« J’ai l’impression qu’il y a une grande diversité » : Nicolas Philibert évoque la première édition du festival Cinéma à la folie

Mis à jour le 9 janvier 2026 à 11:30
Abaca
Le réalisateur Nicolas Philibert est le parrain du festival "Cinéma à la folie" : l’occasion pour lui d’en dévoiler un peu plus sur cette première édition, qui s’annonce riche en surprises et en émotions.

C’est un nouveau festival qui a lancé sa soirée d’ouverture le mardi 23 septembre dernier dans la capitale, avec en guise de film inaugural le long-métrage d’Isabelle Carré, intitulé Les Rêveurs, dans lequel la comédienne retrace un moment marquant de sa vie : son séjour en institut psychiatrique.

Nicolas Philibert se livre sur la première édition de "Cinéma à la folie" 

Cette première édition, qui se déroulera du 3 octobre au 27 octobre, est portée par deux figures emblématiques, puisque Isabelle Carré a accepté d’en être la marraine, et Nicolas Philibert, le parrain. Ce dernier s’est entretenu avec nous lors de cette soirée d’ouverture du festival de Cinéma à la folie. "Il s’agit de la toute première édition et j’espère sincèrement qu’il va pouvoir continuer à vivre, à grandir. Cinéma à la folie rassemble une douzaine de films, à la fois documentaires et fictions à parts égales, et qui présentent des œuvres ayant un lien avec la santé mentale." nous a-t-il avoué avant de revenir sur le choix des films sélectionnés pour cette toute première édition : "J’ai l’impression qu’il y a une grande diversité.
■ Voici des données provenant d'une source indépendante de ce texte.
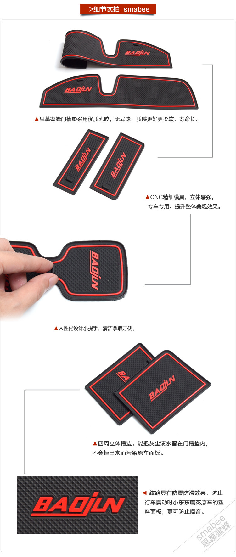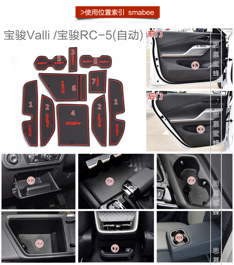 10pcs Rubber Anti-Slip Door Slot Mats Cup Holder Liners Center Console Armrest Decor for Baojun Valli RC-5 Auto

On y trouve à la fois des films destinés à la salle de cinéma, des œuvres à vocation télévisuelle, mais aussi des moyens-métrages, qui abordent différentes questions en traitant la santé mentale sous divers angles : différentes pathologies, etc." Rappelons qu’il s’agit d’un festival itinérant, qui fera étape dans huit villes différentes. Le festival Cinéma à la folie passera ainsi par Boulogne-sur-Mer, Clermont-Ferrand, La Rochelle, Nancy, Nantes, Nîmes, Orléans, ainsi que Pau et posséderont diverses projections tournant autour de cette problématique.

Un festival mûrement réfléchi 

Nicolas Philibert nous a assuré : "Ceux qui l’ont orchestré ont accompli un immense travail auprès des associations locales et des scolaires. L’idée est de sensibiliser les spectateurs à la santé mentale et de déstigmatiser ceux qui souffrent de troubles psychiques. Bien souvent, ces personnes sont pointées du doigt. Il y a, derrière tout cela, cette volonté de tisser des liens entre elles et la société, afin qu’elles soient moins marginalisées."